Although there are plenty of science flavored songs swimming around out there, check out Jef Poskanzer’s excellent collection of science songs from the late 1950′s/early 1060′s. Jef unearthed the 6 LP set from his parents’ basement, and has encoded them in MP3 format. Such hits as the “Ballad of Sir Isaac Newton,” “Kinetic and Potential Energy” (I really like this one), and “Eohippus” may be found on Jef’s Singing Science web page. The songs are charming, hilarious, and exude the wide-eyed wonder of Atomic Age science. They’re a darned sight better than grafting such forced lyrics as “Glucose, ah sugar sugar,” (Greg Crowther of the University of Washington) sings. “You are my favorite fuel from the bloodborne substrate pool / Glucose — monosaccharide sugar — you’re sweeter than a woman’s kiss / ’cause I need you for glycolysis.” onto the already loathsome “Sugar, Sugar” by the Archies (see Pop goes the science song).

I can understand Dr. Doherty’s consternation over the removal of math (or maths for you folks of the Empire) from the science curriculum and substitution with analysis of earnestly overwrought lyrics from Midnight Oil, but c’mon, let’s lighten up a little. Gather round, kids, and let’s sing “How Does a Cow Make Milk?”

How does a cow make milk, I wonder?

How does a cow make milk?

Every cow has a milky way,

And right now I’m prepared to say…

A cow has glands and all those glands

Are chemical factories.

Busily manufacturing lots of things she needs.

She chews the grass and chews the grass

Then swallows down her cud.

The glands make juice that help produce muscle, bone and blood.

And when the little calf is born to help the happy mother,

A certtain gland gets active and that gland is called the udder.

The udder manufactures milk and when the calf is born,

Squirt! Squirt!

The little squirt turns the faucets on.

And when the calf is through with his

We get all the milk there is.

Comments

  1. #1 Joshua
    December 14, 2006

    MC Hawking’s lyrics may be a little, erm, raw, but I’d love to hear them in science classes. From “Entropy” to the ever-popular “F*ck the Creationists”, he offers everything a growing mind needs! ;)

  2. #2 Doc Bushwell
    December 14, 2006

    Oh, man, yes! MC Hawking is da bomb. My son (freshman in college) turned me on to his stylin’s.

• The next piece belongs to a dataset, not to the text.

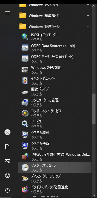 “スタート” -> “Windows 管理ツール” -> “タスク スケジューラ“をクリック

  3. #3 Southern Fried Skeptic
    December 16, 2006

    My 4 year old sings several TMBG songs including “Why does the sun shine?”. I have no problem with her learning that way. When she sings the first line (the sun is a mass of incandescent gas, a gigantic nuclear furnace, where hydrogen is built into helium at a temperature of millions of degrees) half the adults she encounters stand slack-jawed because she is spewing out facts that they don’t know. True, it may not be in depth knowledge, but it provides a framework for that depth later. If you want to turn someone off learning, just spew out a bunch of stuff they don’t have any familiarity with and watch their eyes roll back.

    After all, who didn’t like Schoolhouse Rock? Conjunction junction…

  4. #4 Doc Bushwell
    December 18, 2006

    SFS, I completely agree, re: music as a way to engage kids with science. My children, now teenagers, loved TMBG. My son (a freshman in college and a biochem major) still collects their latest works.